• [Supplied information]:
%%
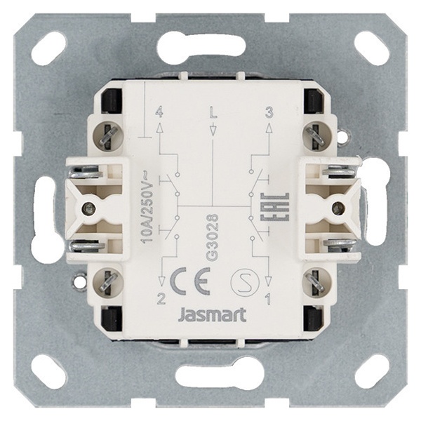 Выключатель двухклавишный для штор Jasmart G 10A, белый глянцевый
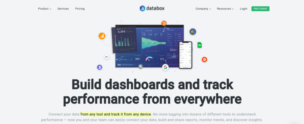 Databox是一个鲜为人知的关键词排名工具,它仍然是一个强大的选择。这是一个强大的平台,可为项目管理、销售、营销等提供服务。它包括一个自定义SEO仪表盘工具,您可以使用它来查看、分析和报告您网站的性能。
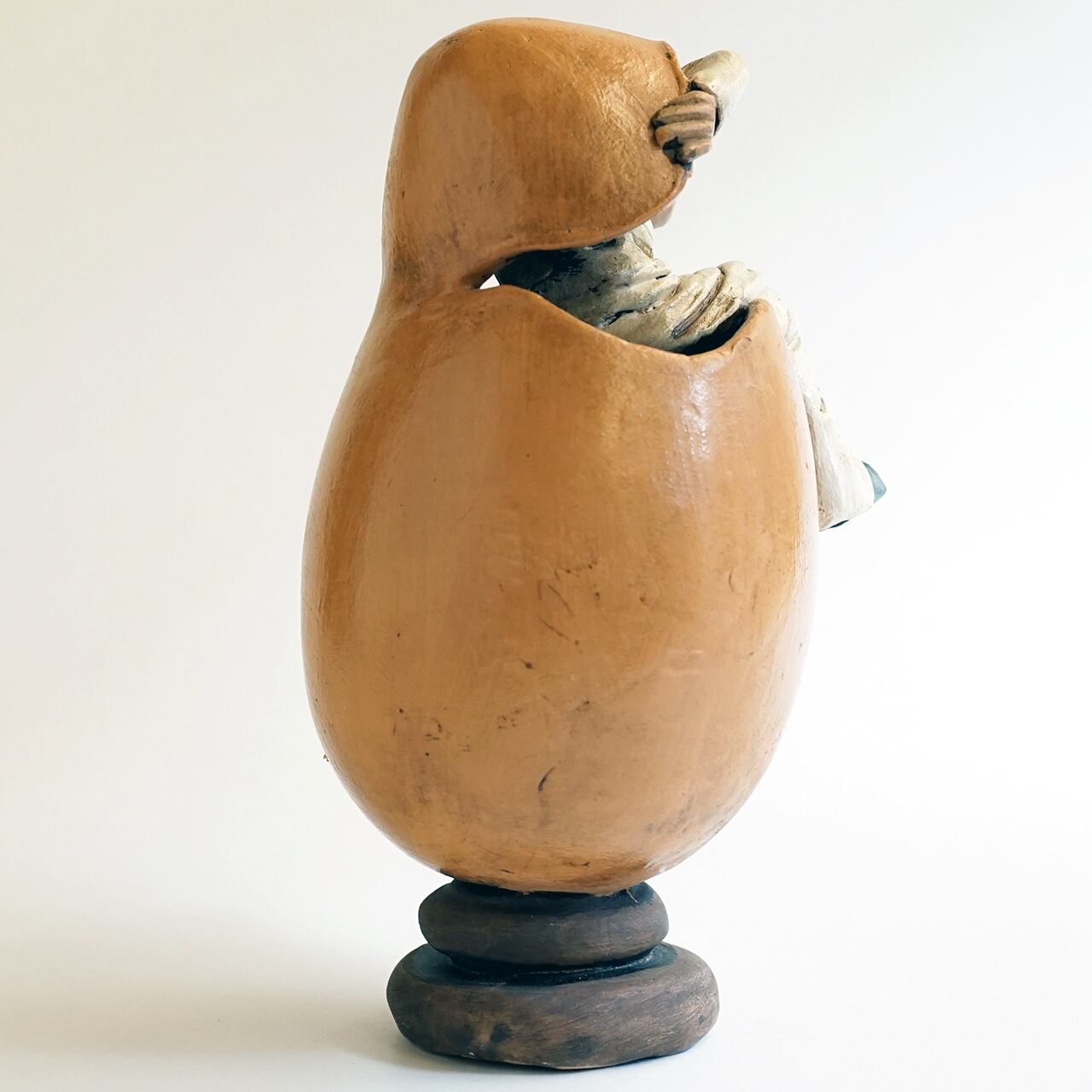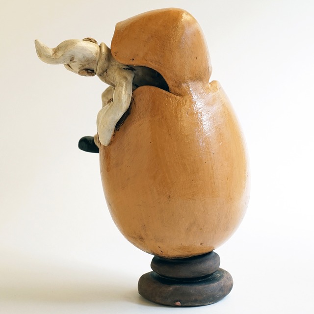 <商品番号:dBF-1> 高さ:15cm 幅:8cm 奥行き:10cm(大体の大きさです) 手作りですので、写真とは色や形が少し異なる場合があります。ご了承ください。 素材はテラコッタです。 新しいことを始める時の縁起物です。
%%
%%
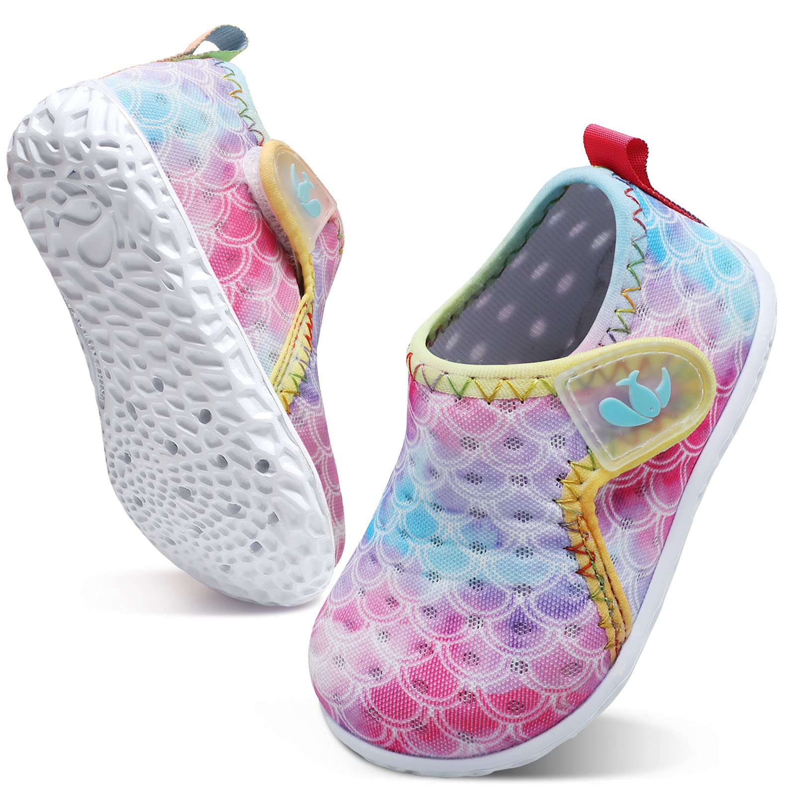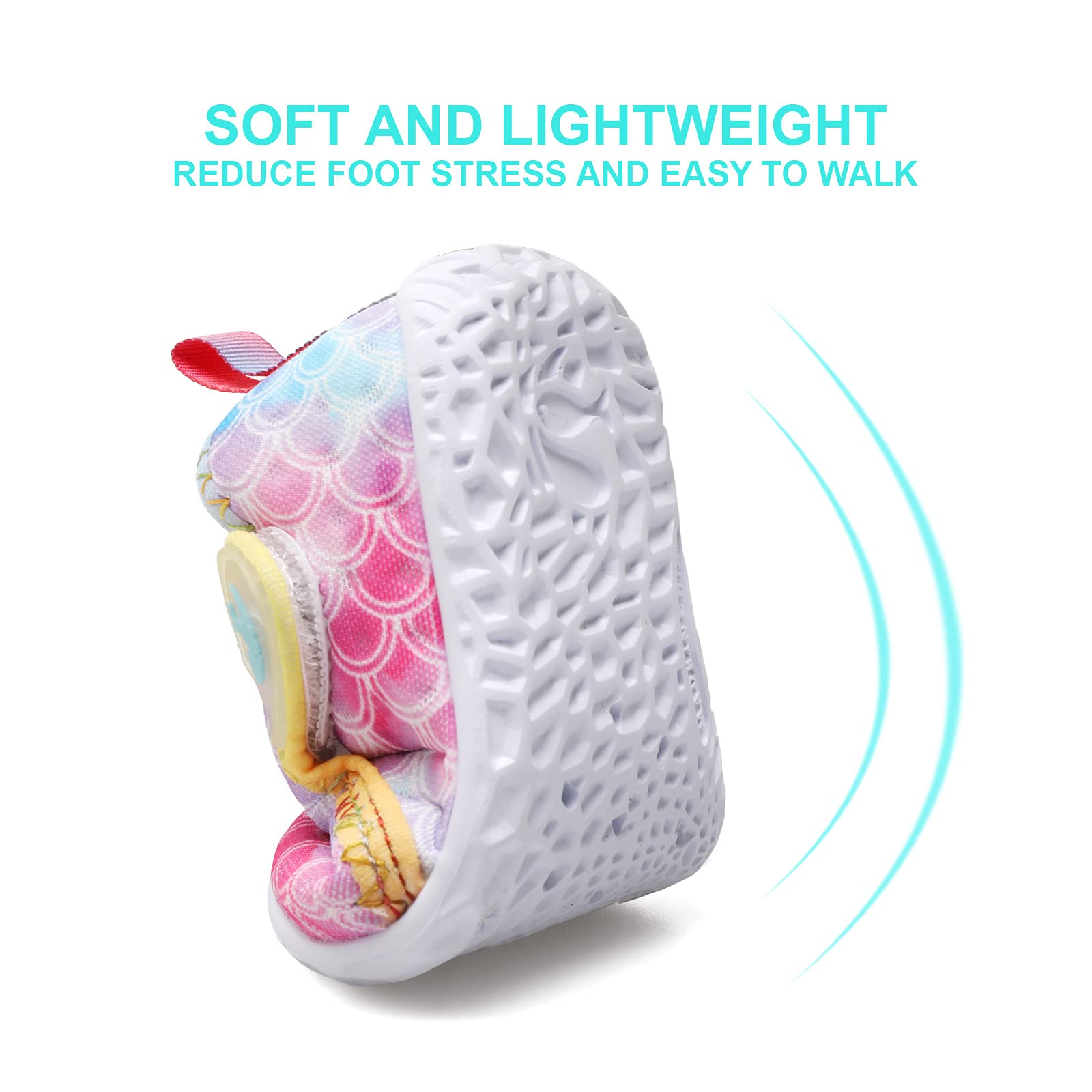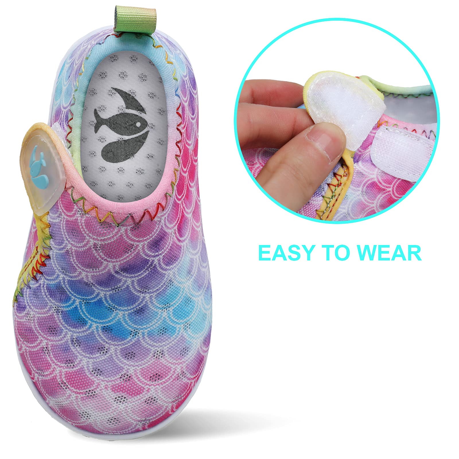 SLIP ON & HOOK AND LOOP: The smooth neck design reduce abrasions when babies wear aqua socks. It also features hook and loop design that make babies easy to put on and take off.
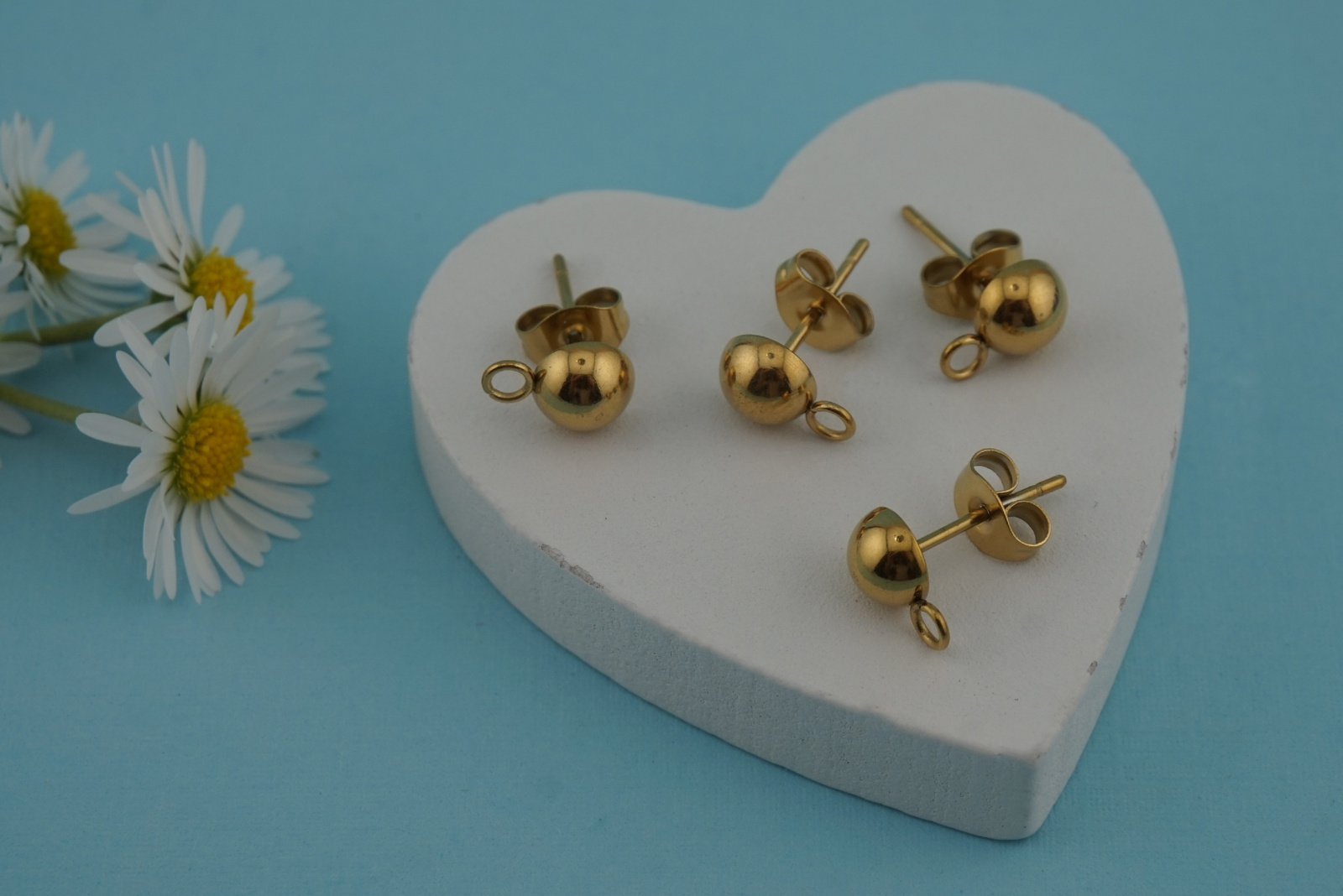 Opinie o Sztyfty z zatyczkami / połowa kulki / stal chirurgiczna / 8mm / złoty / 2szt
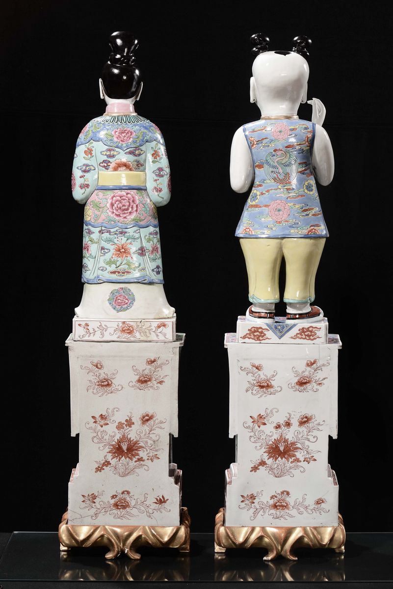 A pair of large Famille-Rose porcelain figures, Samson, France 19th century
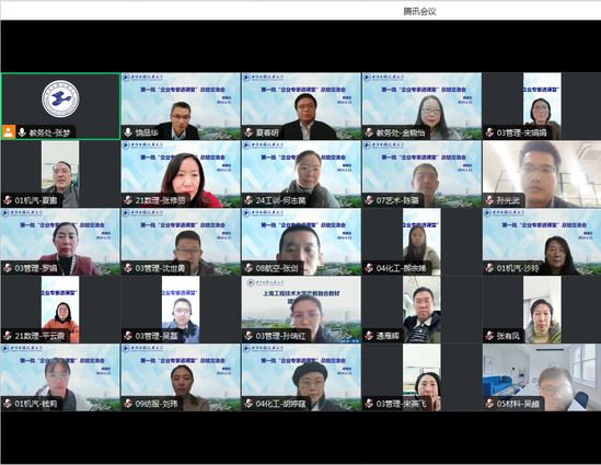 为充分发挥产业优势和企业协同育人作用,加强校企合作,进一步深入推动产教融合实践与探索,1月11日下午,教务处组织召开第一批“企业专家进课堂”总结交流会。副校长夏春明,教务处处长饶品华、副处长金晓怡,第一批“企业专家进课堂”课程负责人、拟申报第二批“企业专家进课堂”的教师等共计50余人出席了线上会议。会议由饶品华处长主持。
%%
%%
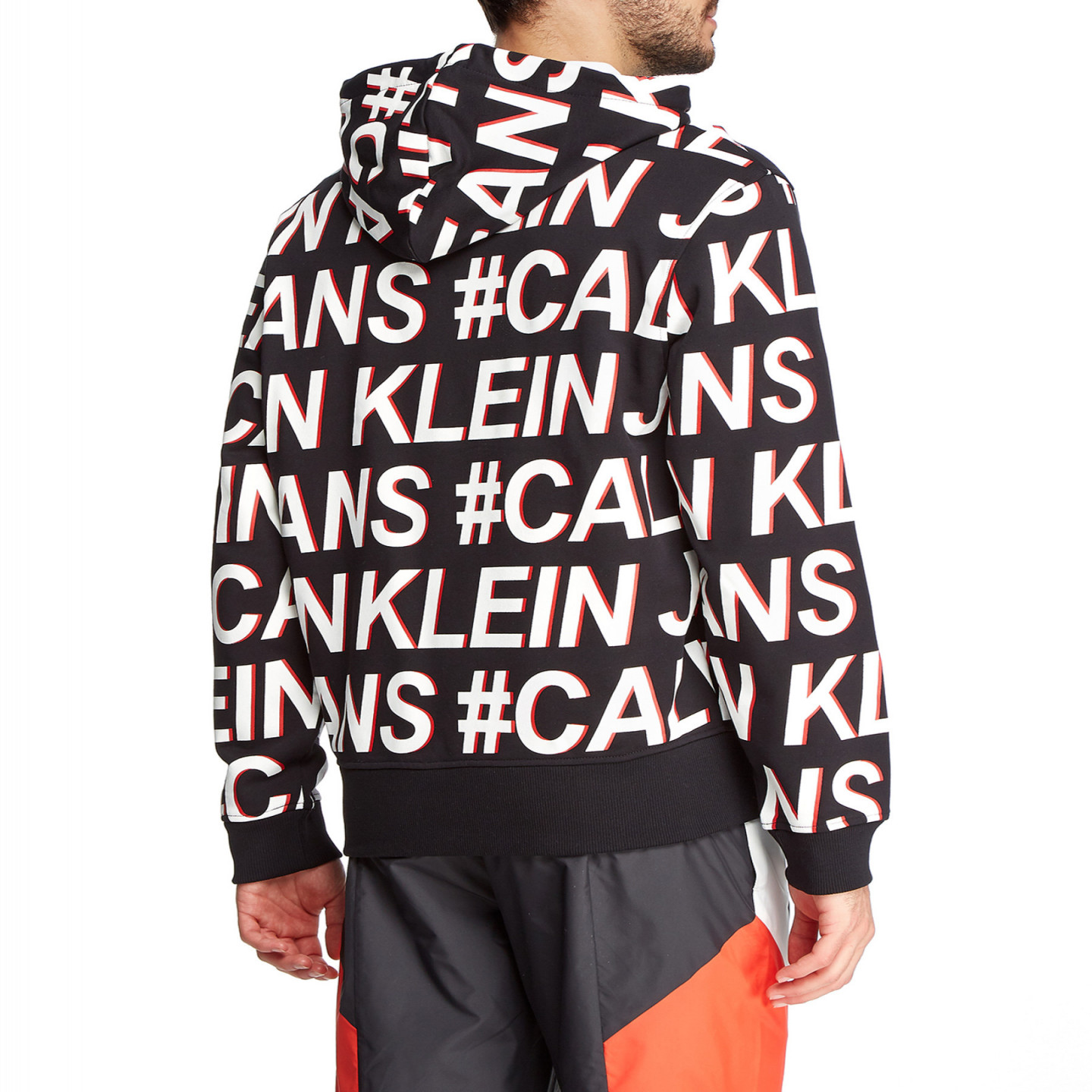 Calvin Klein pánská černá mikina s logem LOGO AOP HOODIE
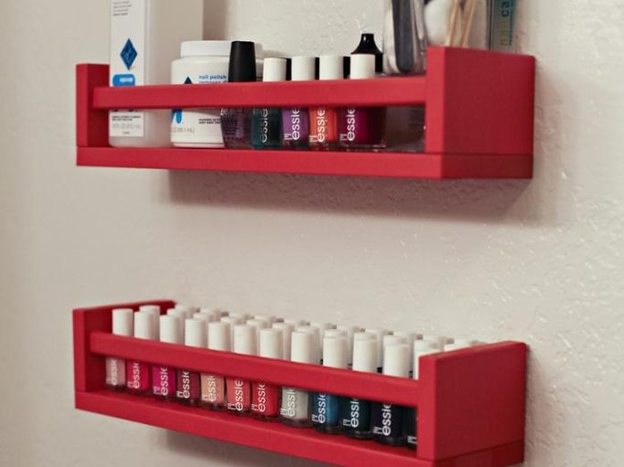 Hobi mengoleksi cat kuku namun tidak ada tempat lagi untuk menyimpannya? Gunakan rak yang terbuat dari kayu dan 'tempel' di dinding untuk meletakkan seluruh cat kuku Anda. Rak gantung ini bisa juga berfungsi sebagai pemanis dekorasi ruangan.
%%
• [Required action]:
Reproduce word for word, with pictures dropped, only the part of the material above that opens with the line containing "SLIP ON & HOOK" and closes with the line containing "为充分发挥产业优势和企业协同".

• [Exercise result]:
 SLIP ON & HOOK AND LOOP: The smooth neck design reduce abrasions when babies wear aqua socks. It also features hook and loop design that make babies easy to put on and take off.
 Opinie o Sztyfty z zatyczkami / połowa kulki / stal chirurgiczna / 8mm / złoty / 2szt
 A pair of large Famille-Rose porcelain figures, Samson, France 19th century
 为充分发挥产业优势和企业协同育人作用,加强校企合作,进一步深入推动产教融合实践与探索,1月11日下午,教务处组织召开第一批“企业专家进课堂”总结交流会。副校长夏春明,教务处处长饶品华、副处长金晓怡,第一批“企业专家进课堂”课程负责人、拟申报第二批“企业专家进课堂”的教师等共计50余人出席了线上会议。会议由饶品华处长主持。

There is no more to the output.